Oxford Dictionaries: 2020 has too many Words of the Year to name just one

Instead, the OED says ‘a year that has left us speechless’ is best reflected by expanding its annual selection to a whole list

For the first time, the Oxford English Dictionary has chosen not to name a word of the year, describing 2020 as “a year which cannot be neatly accommodated in one single word”. Instead, from “unmute” to “mail-in”, and from “coronavirus” to “lockdown”, the eminent reference work has announced its “words of an ‘unprecedented’ year”.

On Monday, the dictionary said that there were too many words to sum up the events of 2020. Tracking its vast corpus of more than 11bn words found in web-based news, blogs and other text sources, its lexicographers revealed what the dictionary described as “seismic shifts in language data and precipitous frequency rises in new coinage” over the past 12 months.

Coronavirus, one of its words of the year, is a term that dates back to the 1960s, although it was previously mainly used by scientists. By March this year it was one of the most frequently used nouns in the English language. “Covid-19”, first recorded on 11 February in a report by the World Health Organization, quickly overtook coronavirus in frequency of use, noted the dictionary.

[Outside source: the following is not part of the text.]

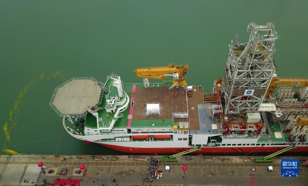 12月18日,中国自主设计建造的首艘大洋钻探船正式命名为“梦想”号,并在广州南沙首次试航。大洋钻探被誉为海洋科技“皇冠”。“梦想”号由自然资源部中国地质调查局与150余家单位密切协同建造,总吨约33000吨,续航力15000海里,自持力120天,具备全球海域无限航区作业和海域11000米钻探能力。图为12月18日在广州拍摄的命名仪式现场。新华社

One of the year’s most remarkable linguistic developments, according to the OED, has been the extent to which scientific terms have entered general discourse, as we have all become armchair epidemiologists, with most of us now familiar with the term “R number”.

“Before 2020 this was a term known mainly to epidemiologists; now non-experts routinely talk about ‘getting the R down’ or ‘bringing R below 1’. Other terms that have become much more common in everyday discourse this year include ‘flatten the curve’ and ‘community transmission’,” said the dictionary.

Use of the phrase “following the science”, it added, has increased in frequency more than 1,000% compared with 2019.

Other coronavirus-related language cited by the OED includes “pandemic”, which has seen usage increase by more than 57,000% this year, as well as “circuit breaker”, “lockdown”, “shelter-in-place”, “bubbles”, “face masks” and “key workers”.

The revolution in working habits has also affected language, with both “remote” and “remotely” seeing more than 300% growth in use since March. “On mute” and “unmute” have seen 500% rises since March, while the portmanteaus “workation” and “staycation” increased by 500% and 380% respectively.

Other news events have also been reflected in language. In the early months of 2020, there were peaks in usage of “impeachment” and “acquittal”, and “mail-in” has seen an increase of 3,000%. Use of “Black Lives Matter” and “BLM” also surged, as did the term “QAnon”, up by 5,716% on last year. The phrase “conspiracy theory”, meanwhile, has almost doubled in usage between October 2019 and October 2020. Use of “Brexit”, however, has dropped by 80% this year.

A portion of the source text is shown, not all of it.